Но несомненно высшего своего подъема Замысловский – а с ним вместе и весь процесс – достиг в своем диалоге с Сингаевским и Рудзинским. Здесь нравственная распущенность достигла тех размеров, которые придают ей уже характер трагического. Как утешительно знать, по крайней мере, что этот диалог дословно закреплен, как страшный документ эпохи и ее человека! Это уже не то, что ставить шулерские ловушки свидетелям защиты или, прикрываясь формой вопроса, бросать липкие намеки в людей, связанных по рукам и по ногам положением свидетелей, – нет, здесь дело шло уж о том, чтобы взять под руки двух грабителей, подозреваемых в убийстве и, окутав их своим абсолютным доверием, провести их, как бы в шапке-невидимке, пред глазами присяжных заседателей. Завтра могут открыться новые улики? Завтра сами убийцы могут сознаться? Там видно будет. Но зато сегодня мы еще покажем, на что способны.

– Вы ночью, говорите, грабили? А вот защита, видите ли, утверждает, что это не могло вам помешать утром убить. Ну, давайте общими силами разоблачим защиту. Ведь грабеж, свидетель, это дело серьезное, не правда ли? Вы должны были предварительно изучать вопрос, не правда ли? Вы были очень озабочены, не правда ли? Ведь на ваших плечах лежала нравственная ответственность за успех предприятия? Вы не могли отвлекаться? Ведь не могли же? Вам не до Андрюши было? Не правда ли? Вы ведь серьезный человек, свидетель, так, очертя голову, грабить не пойдете? Вы грабите хорошо, планомерно, вы добросовестный грабитель, не правда ли? Объясните это, пожалуйста, присяжным заседателям! Так что эта легенда о вашем будто бы участии в убийстве есть интрига революционеров: Махалина и Карасева? Вы не могли им ничего рассказывать? Ведь вы человек осторожный, ведь так? Ведь вы, как серьезный грабитель, не стали бы доверяться революционерам, т.-е. людям сомнительной профессии? Не правда ли? Ведь верно? А? Да говорите же, ну, ну, еще слово, еще словечко выжмите из себя, тупые головы, одно еще единенькое… Ну вот, наконец, слава богу. Уфф… Молодец, Сингаевский! Спасибо, Рудзинский!.. Больше я вопросов не имею.

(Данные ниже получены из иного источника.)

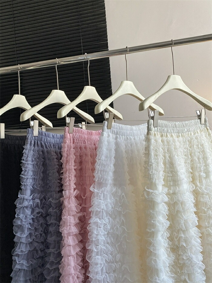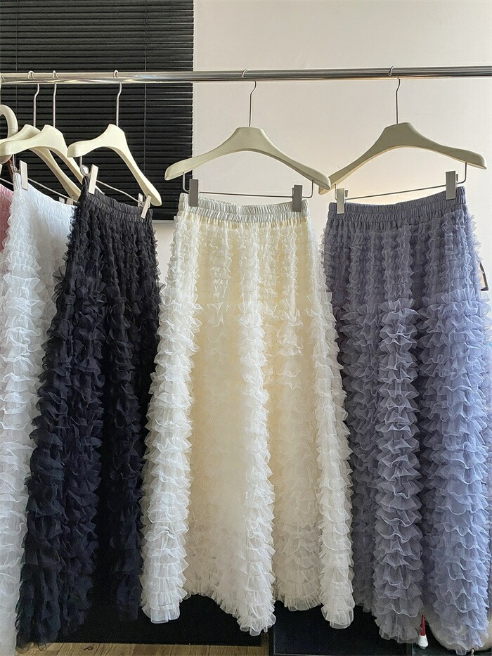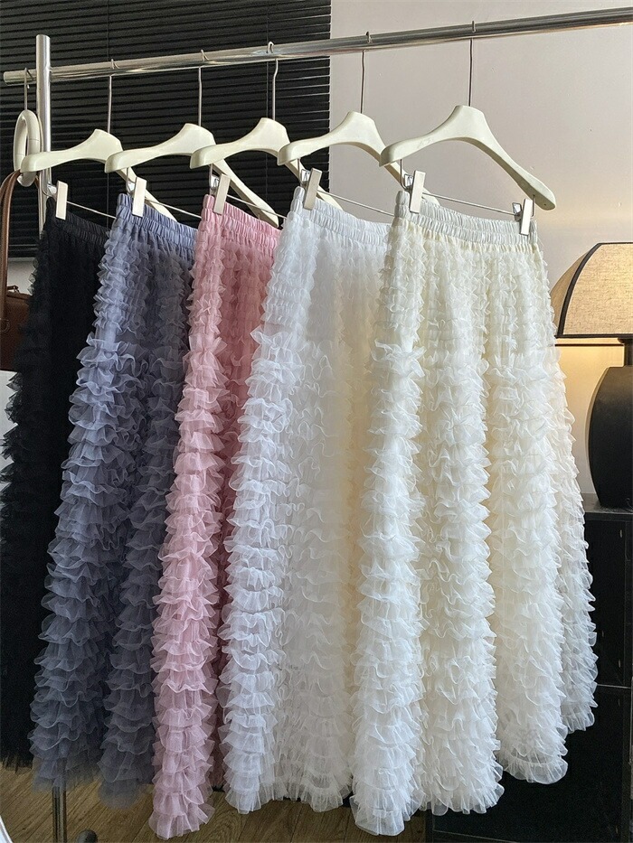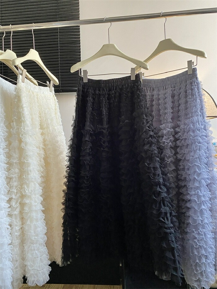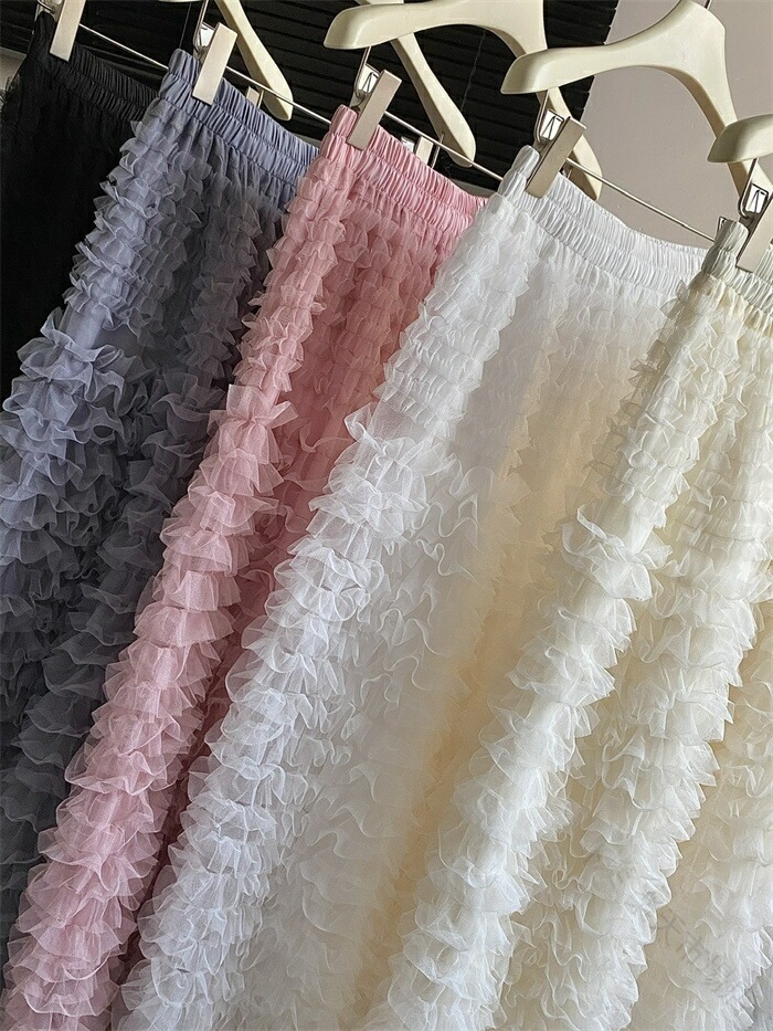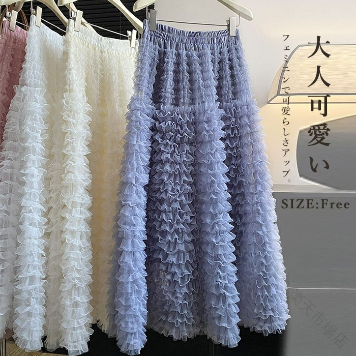 チュールスカート ボリュームチュールロ ボトムス スカート 人気 ブラック ホワイト ベージュ ピンク グレー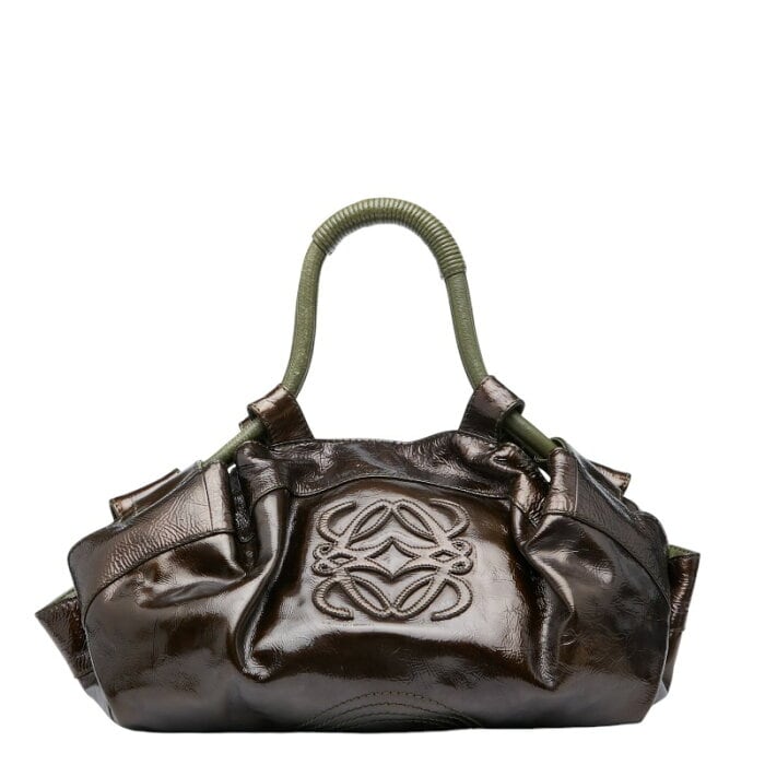 ロエベ アナグラム ナッパアイレ ハンドバッグ ブラウン グリーン パテントレザー レザー レディース LOEWE 【中古】

Я чувствую, что своей схемой я только ослабил подлинный диалог, вернее монолог Замысловского. Отложите эти строки в сторону, возьмите в руки стенографический отчет и перечитайте вдохновенное собеседование бывшего прокурора с двумя грабителями. Ничего, ничего, пересильте себя, сударь, не комкайте отчета, не швыряйте его в угол, не сжимайте в негодовании кулаков. Читайте терпеливо, внимательно читайте, вникайте, господин гражданин, вам полезно через это пройти!..

Истинно-русские – дубровинцы, михаило-архангеловцы, суворинцы, архаровцы! На памятнике Замысловскому, – а этот памятник вы должны воздвигнуть ему при жизни, – начертайте великую ксиву: как Замысловский учил двух честных блатных не капать на себя не во время по мокрому делу. И пусть ваша молодежь, ваша надежда, Голубевы и Позняковы, заучивают блатную ксиву наизусть, как высший образчик черной гражданственности! И пусть эта ксива станет вашею песнью-песней!

«Киевская Мысль» N 295, 25 октября 1913 г.